Spanie w dzień okazało się bardzo głupim pomysłem biorąc pod uwagę fakt, że obudziłem się wypoczęty pod wieczór, a w nocy nie mogłem ponownie zasnąć. Przez ten niefart mogłem jednak załatwić sprawę na ziemi związaną z jedną modlitwą. Niektóre prośby mnie jednak nieco dobijały...no bo czemu do mnie trafia coś, co dotyczy zajścia w ciążę? No niby para ma taką nadzieję, że tym razem się uda, ale ja nie mam jak im pomóc. Niech modlą się do jakiejś bogini płodności, czy dzieci. Zająłem się oczywiście tą ważniejszą związaną z przyprowadzeniem kota do domu. Na tym będzie polegać moja praca? Sprowadzanie zaginionych do domu i słuchanie próśb o posiadanie rodziny? To będzie ciężkie życie.

Wrócił do świątyni jakoś przed wschodem słońca, więc jeszcze skorzystałem z chwili na drzemkę. W końcu umówiłem się na godziny połódniowe, a nie poranne. Akurat udało mi się nie zasypać, gdyż myślałem cały czas jak łagodnie powiedzieć Asherowi o jego drobnej pomyśleć. Jak on mógł mnie uznać za kobietę? Jestem na bank facetem....chyba, że on tylko się ze mnie nabija. Odgoniłem szybko tę myśl, gdy zobaczyłem na miejscu czarnowłosego z białą różą w dłoni.

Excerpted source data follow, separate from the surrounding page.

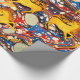 GOLDEN UNICORNS ,RED BLUE MARBLED EFFECTS ,CIRCLES WRAPPING PAPER
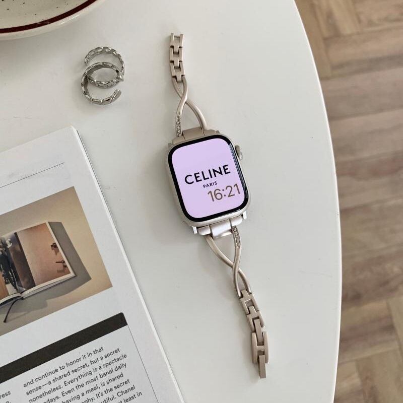 ブレスレットのようなジルコニア入りのApple Watchバンドです。エレガントなマットなホワイトゴールドとロマンティックなデザインで、スマートウォッチを上品にスタイリングできます。ブレスレット感覚でベルトも着け替えたくなる、オシャレなデザインです。
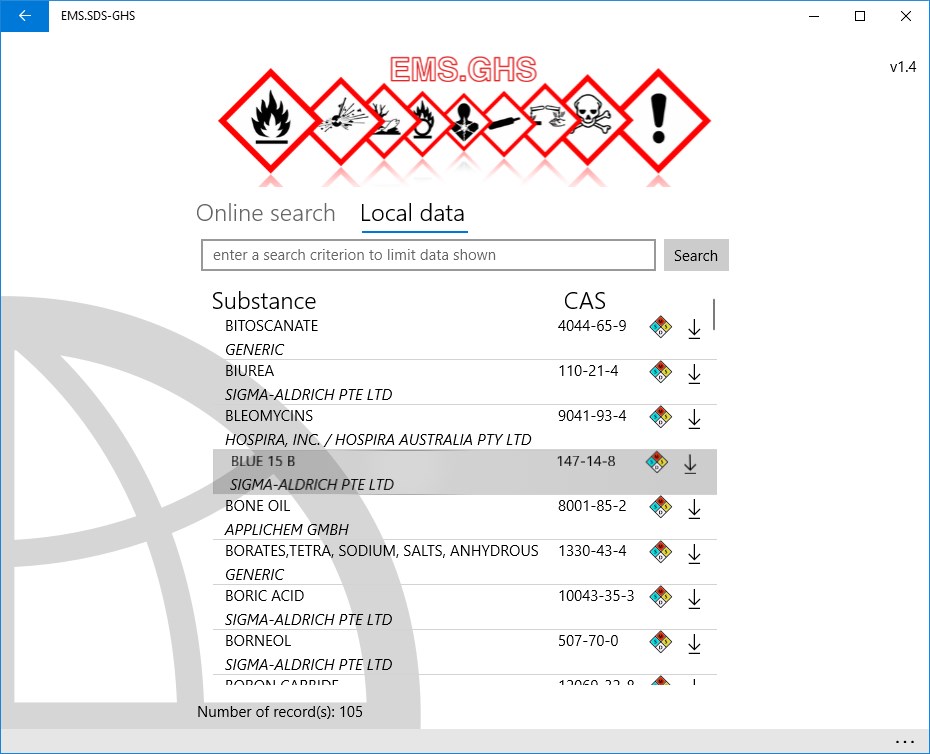 EMS.GHS-SDS is a leading chemical safety software application that is being used to support the requirements of the Globally Harmonized System for the Labeling and Classification of Chemicals (GHS). It helps you find and display GHS compliant chemical labels and Safety Data Sheets for safety and regulatory compliance, even when you're in the field or on-the-go.

No nie....czy on serio był aż tak głupi, by uznać mnie za dziewczynę? Najwidoczniej tak.

- Jestem - postarałem się lekko uśmiechnąć , gdy podszedłem bliżej.

- Dobry — Jego uśmiech mnie nieco zmuszał. Nie mogłem go bliżej określić lub porównać. Czułość, zadowolenie....urok osobisty? Z tym ostatnim chyba przegiąłem. Ujął mnie lekko za rękę, na której złożył lekko pocałunek, a następnie wręczył róże. Nieco zawstydzony i zapewne czerwony przyjąłem ją. Nie no... Nie powiem mu prawdy... Załamie go na bank. Pozostało mi chyba niedawanie mu szans na zbliżenie się do mnie bardziej niż to konieczne. Przyjaciele i tyle. Nic więcej.

- D....Dziękuję — Wydukałem i powąchałem kwiatka. Lekko mnie zakręciło w nosie, ck skończyło się cichym kichnięciem na bok. Pyłki...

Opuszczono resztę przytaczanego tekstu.